» **ASSIGNMENT**: Return the stretch from the line with "Green, purple and" through the line with "A reflective astronaut" in the data below, character for character, skipping all pictures.

== THE DATA

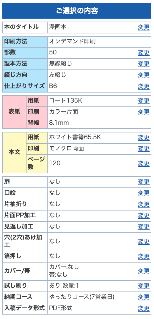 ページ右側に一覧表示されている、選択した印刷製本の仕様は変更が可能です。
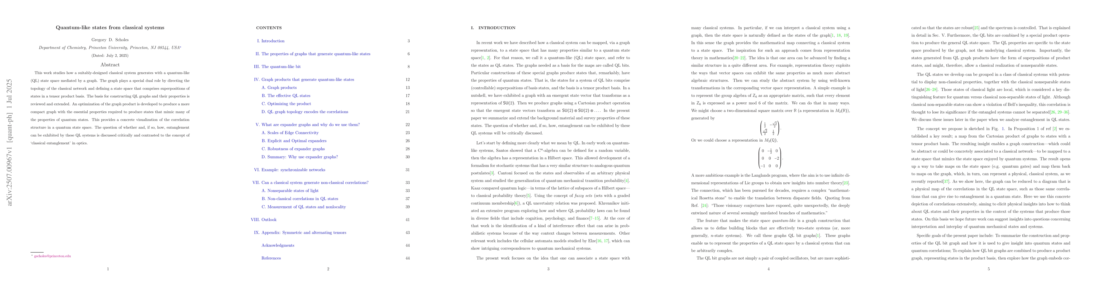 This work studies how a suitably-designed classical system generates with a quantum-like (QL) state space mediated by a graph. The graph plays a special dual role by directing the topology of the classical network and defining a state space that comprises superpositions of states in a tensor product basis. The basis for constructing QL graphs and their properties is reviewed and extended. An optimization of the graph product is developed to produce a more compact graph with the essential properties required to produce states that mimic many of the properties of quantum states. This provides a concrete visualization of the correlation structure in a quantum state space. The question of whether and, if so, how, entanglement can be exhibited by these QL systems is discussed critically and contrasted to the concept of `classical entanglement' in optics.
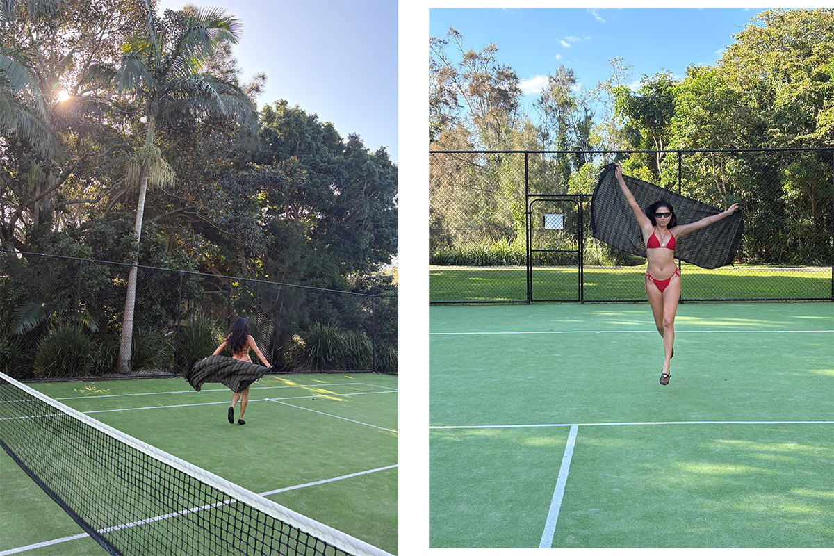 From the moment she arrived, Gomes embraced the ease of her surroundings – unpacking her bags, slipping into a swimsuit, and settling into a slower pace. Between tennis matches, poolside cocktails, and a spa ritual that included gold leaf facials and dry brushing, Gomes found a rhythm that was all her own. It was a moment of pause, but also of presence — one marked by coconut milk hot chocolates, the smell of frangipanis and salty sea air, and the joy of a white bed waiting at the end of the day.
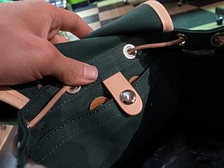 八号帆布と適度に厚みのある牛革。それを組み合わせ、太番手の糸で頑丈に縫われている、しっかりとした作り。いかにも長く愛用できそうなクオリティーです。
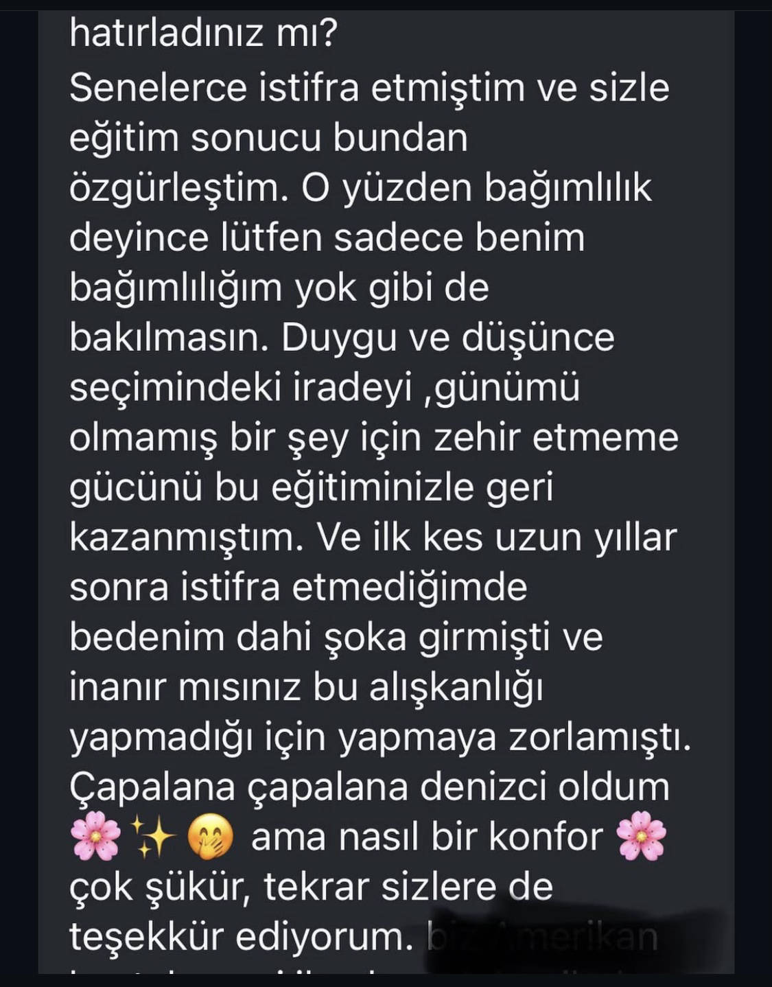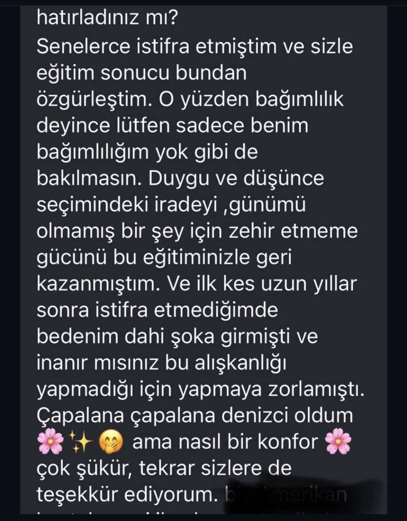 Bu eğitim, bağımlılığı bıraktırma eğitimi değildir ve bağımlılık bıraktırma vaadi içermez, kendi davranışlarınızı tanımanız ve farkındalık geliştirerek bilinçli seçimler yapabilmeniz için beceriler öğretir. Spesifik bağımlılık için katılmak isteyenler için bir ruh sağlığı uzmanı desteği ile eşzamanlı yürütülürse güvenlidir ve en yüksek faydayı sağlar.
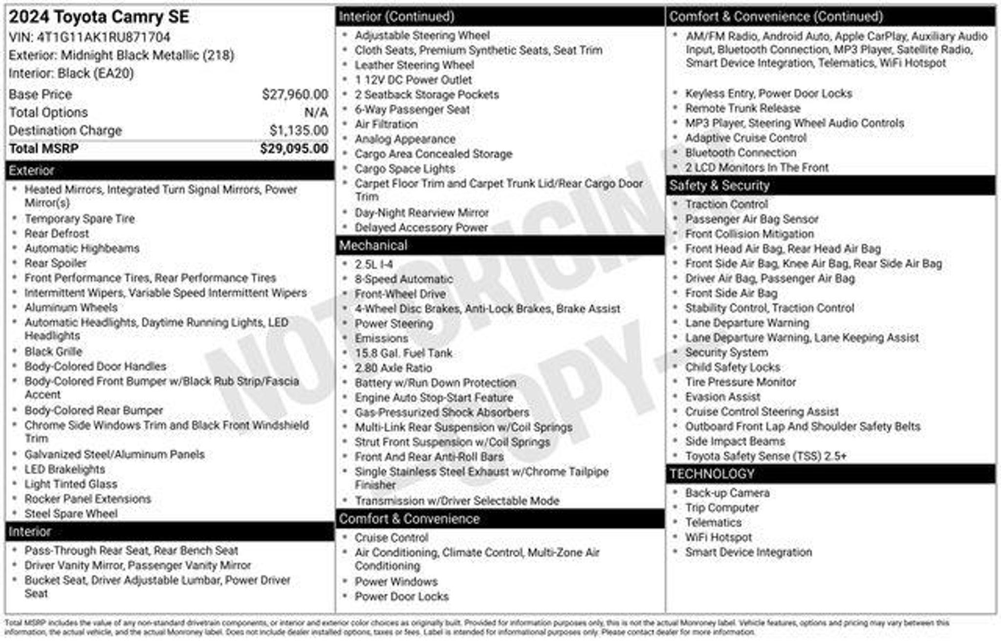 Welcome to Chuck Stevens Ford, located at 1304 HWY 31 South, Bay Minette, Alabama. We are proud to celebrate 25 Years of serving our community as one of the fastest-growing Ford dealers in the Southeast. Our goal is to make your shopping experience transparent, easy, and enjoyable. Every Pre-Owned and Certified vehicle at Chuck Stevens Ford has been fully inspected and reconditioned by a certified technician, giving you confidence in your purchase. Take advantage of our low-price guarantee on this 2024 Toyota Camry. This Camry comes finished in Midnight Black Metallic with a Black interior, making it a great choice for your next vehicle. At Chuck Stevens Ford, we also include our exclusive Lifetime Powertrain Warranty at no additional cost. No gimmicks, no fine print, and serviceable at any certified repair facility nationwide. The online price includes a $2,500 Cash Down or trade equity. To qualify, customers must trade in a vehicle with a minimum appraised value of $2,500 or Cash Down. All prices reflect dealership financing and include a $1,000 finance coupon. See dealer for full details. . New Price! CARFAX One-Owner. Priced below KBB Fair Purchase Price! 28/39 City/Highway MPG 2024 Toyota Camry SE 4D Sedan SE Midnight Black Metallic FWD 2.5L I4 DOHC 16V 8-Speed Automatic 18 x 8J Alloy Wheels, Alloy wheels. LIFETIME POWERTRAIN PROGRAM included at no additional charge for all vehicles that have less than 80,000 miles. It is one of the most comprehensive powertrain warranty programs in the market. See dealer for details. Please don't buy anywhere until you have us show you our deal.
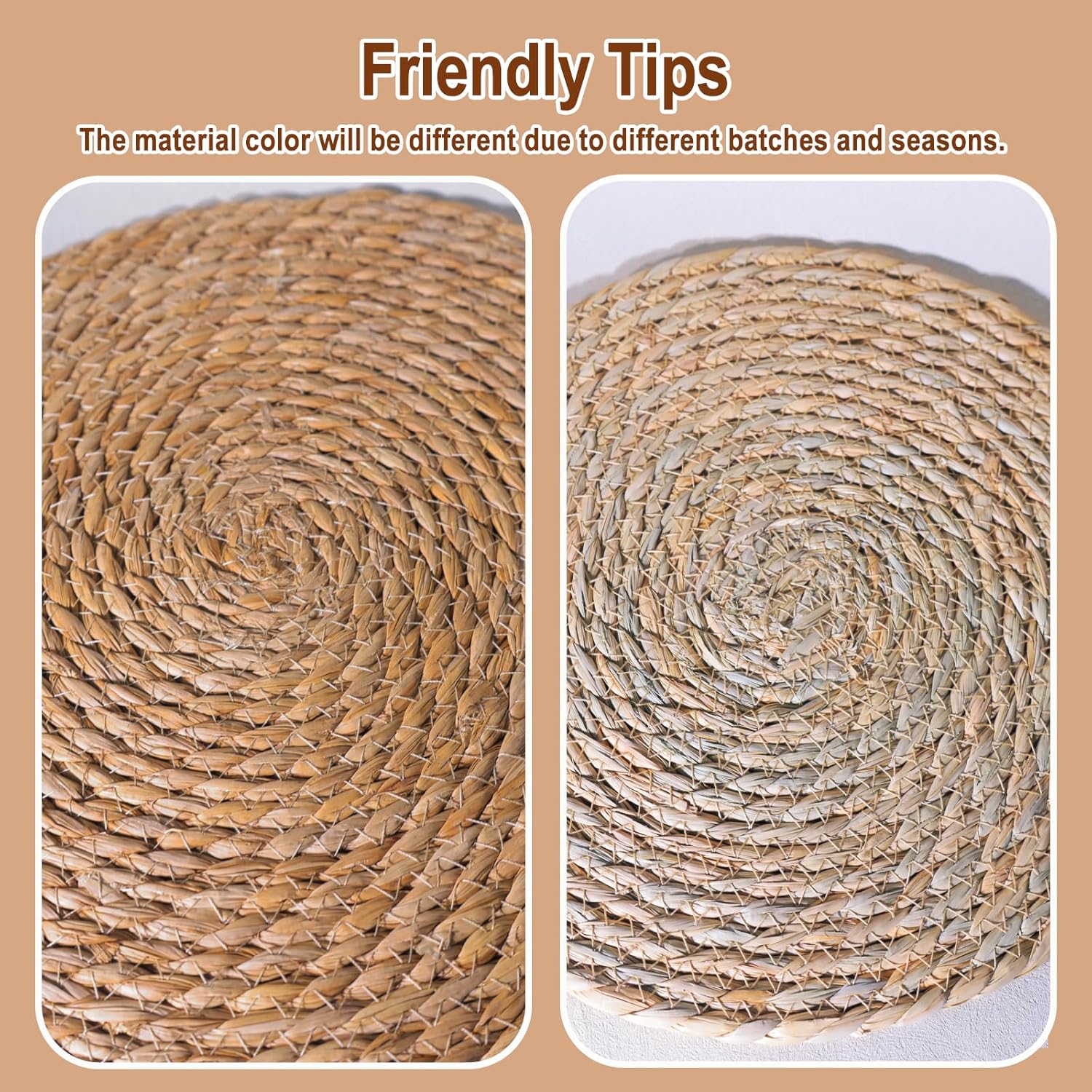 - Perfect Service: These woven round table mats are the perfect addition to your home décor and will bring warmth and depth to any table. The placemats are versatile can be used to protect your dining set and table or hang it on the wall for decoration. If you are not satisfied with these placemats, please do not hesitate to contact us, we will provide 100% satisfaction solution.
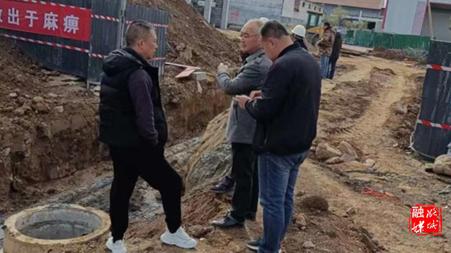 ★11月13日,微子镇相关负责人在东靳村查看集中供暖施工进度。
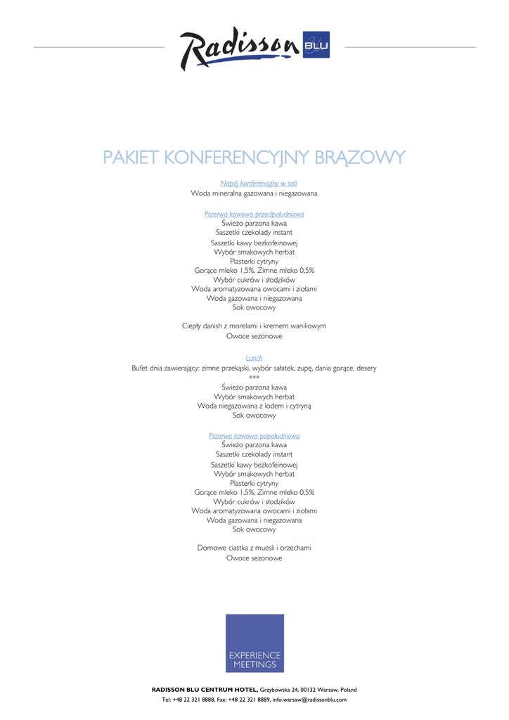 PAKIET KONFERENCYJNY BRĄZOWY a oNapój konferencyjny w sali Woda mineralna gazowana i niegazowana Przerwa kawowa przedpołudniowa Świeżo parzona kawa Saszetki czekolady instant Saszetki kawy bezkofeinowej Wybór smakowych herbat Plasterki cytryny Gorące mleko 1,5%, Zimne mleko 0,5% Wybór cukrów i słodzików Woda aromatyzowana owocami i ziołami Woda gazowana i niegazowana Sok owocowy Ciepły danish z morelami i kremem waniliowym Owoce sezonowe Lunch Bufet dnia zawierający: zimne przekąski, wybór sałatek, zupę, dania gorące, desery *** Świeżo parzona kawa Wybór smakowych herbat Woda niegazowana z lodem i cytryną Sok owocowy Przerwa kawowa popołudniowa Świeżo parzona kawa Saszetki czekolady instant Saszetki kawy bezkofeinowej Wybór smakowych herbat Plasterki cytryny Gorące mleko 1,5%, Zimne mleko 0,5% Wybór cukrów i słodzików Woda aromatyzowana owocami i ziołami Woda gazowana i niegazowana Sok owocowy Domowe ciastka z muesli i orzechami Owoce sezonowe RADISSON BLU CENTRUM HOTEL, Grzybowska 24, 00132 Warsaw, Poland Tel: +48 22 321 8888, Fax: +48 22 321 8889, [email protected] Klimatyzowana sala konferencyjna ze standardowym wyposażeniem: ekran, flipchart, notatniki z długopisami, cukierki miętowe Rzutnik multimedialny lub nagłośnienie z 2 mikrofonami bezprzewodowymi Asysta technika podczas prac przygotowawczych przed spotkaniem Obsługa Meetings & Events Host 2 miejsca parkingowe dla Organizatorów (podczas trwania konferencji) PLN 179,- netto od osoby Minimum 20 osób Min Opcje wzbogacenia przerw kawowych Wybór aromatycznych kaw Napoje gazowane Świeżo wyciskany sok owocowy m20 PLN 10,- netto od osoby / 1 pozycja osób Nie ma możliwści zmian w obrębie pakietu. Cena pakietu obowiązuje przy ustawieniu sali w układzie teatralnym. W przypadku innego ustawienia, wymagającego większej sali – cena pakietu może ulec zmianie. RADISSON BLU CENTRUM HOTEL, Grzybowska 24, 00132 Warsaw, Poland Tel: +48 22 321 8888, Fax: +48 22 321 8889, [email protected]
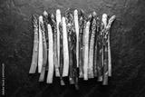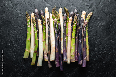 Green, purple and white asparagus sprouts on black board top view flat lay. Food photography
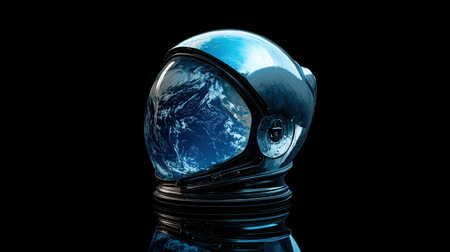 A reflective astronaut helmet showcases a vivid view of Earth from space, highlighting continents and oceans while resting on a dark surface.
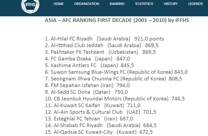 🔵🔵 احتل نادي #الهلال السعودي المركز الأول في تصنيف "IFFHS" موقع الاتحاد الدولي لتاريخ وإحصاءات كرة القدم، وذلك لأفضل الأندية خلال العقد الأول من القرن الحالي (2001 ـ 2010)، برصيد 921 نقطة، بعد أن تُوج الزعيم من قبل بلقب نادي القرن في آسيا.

====

» **RESPONSE BOX**:
 Green, purple and white asparagus sprouts on black board top view flat lay. Food photography
 A reflective astronaut helmet showcases a vivid view of Earth from space, highlighting continents and oceans while resting on a dark surface.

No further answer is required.